Towards Inclusive Practices with Indigenous Knowledge
- URL: http://arxiv.org/abs/2009.12425v1
- Date: Fri, 25 Sep 2020 20:30:38 GMT
- Title: Towards Inclusive Practices with Indigenous Knowledge
- Authors: Aparna Venkatesan (U. of San Francisco), David Begay (IEI and U. of
New Mexico), Adam J. Burgasser (UC San Diego), Isabel Hawkins (SF
Exploratorium), Ka'iu Kimura ('Imiloa Astronomy Center, Hawai'i), Nancy
Maryboy (IEI and U. of Washington), Laura Peticolas (Sonoma State U.)
- Abstract summary: Astronomy across world cultures is rooted in Indigenous Knowledge.

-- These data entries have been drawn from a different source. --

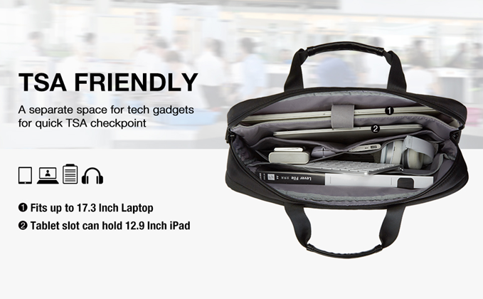 • TSA FRIENDLY & ANTITHEFT- Convenient at checkpoint. A separate tech compartment with large opening design can make you quickly pass at airport security, also keeping your 17.3 inch laptop, 12.9'' iPad and other tech gadgets tidy. Its metal anti-theft zippers will enhance the security of the computer bag.
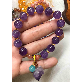 ✨VÒNG ĐÁ THẠCH ANH TÍM KIỂU KẾT VỚI VIÊN ĐÁ THẠCH ANH TÍM ĐEO TAY XINH XẮN 10MM NỮ MỆNH HỎA THỔ
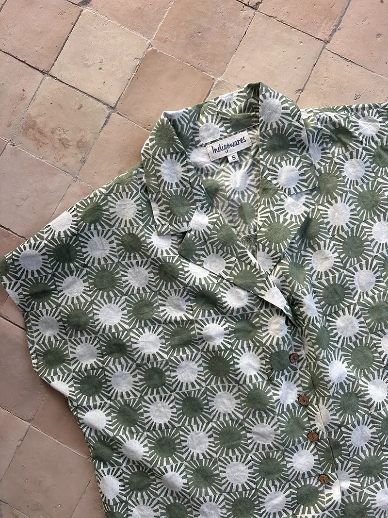Instead of factory mass-production, master artisans apply the Sunray pattern by hand using eco-friendly khaki green ink. Because of this manual process, the saturation and alignment vary slightly on every block printed organic cotton shirt. Consequently, these small inconsistencies mark the work of the human hand and ensure your garment is entirely unique.
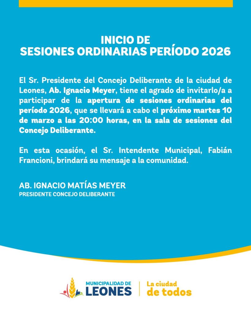 La ciudad de Leones, en el sudeste de Córdoba, dará inicio al período legislativo 2026 con la apertura de sesiones ordinarias del Concejo Deliberante, un acto institucional que convoca a autoridades, instituciones y vecinos de la comunidad.
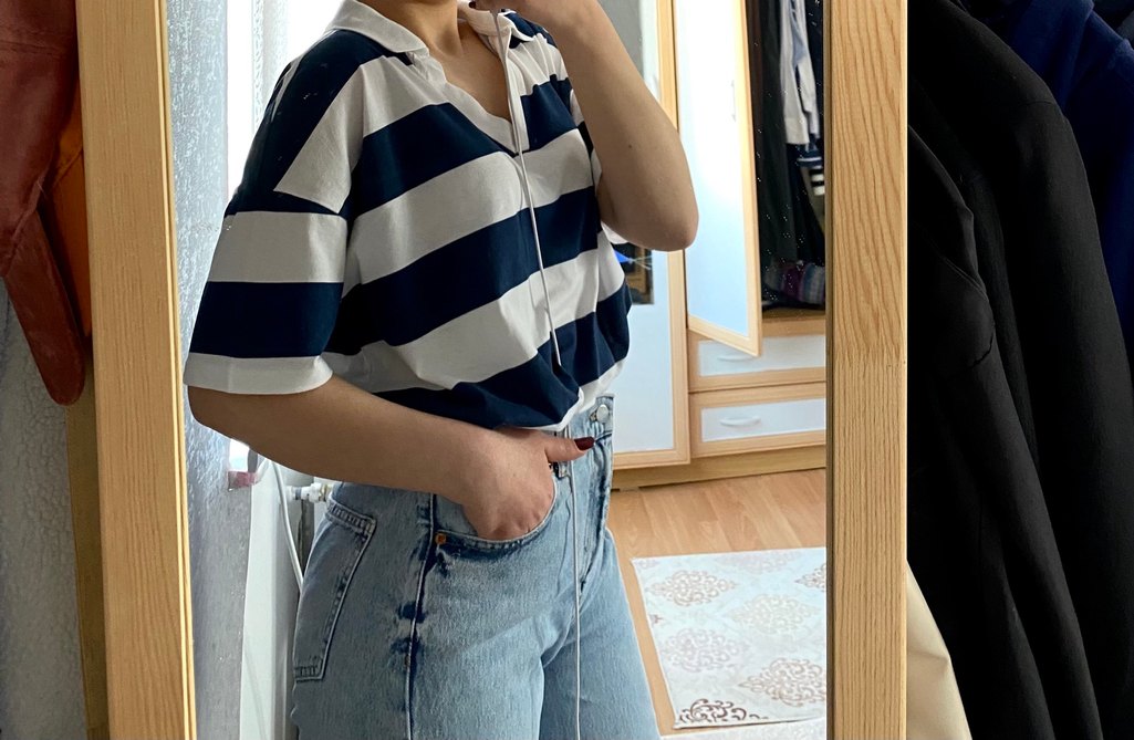 Açık mavi kot pantolon, bol kesimli ve düğmeli. Çizgili deseniyle günlük kullanıma uygun, normcore tarzda kadın pantolonu.
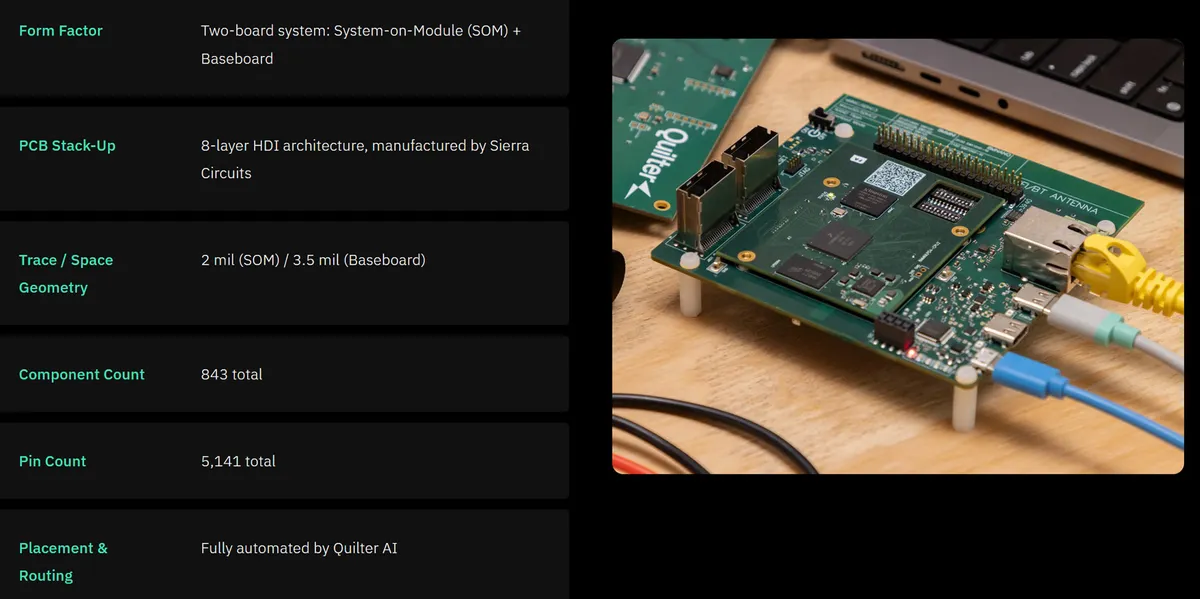 通常情况下,设计这样一款复杂的 PCB 电路板,需要耗时约 3 个月,而 Quilter 仅耗时一周即宣告完成。更为关键的是,该原型机在制造完成后,首次上电便成功启动并运行了 Debian 操作系统,未出现任何硬件级错误。

We share models of partnering with indigenous communities involving Collaboration with Integrity to co-create an inclusive scientific enterprise on Earth and in space.
- Score: 0.0
- License: http://arxiv.org/licenses/nonexclusive-distrib/1.0/
- Abstract: Astronomy across world cultures is rooted in Indigenous Knowledge. We share
models of partnering with indigenous communities involving Collaboration with
Integrity to co-create an inclusive scientific enterprise on Earth and in
space.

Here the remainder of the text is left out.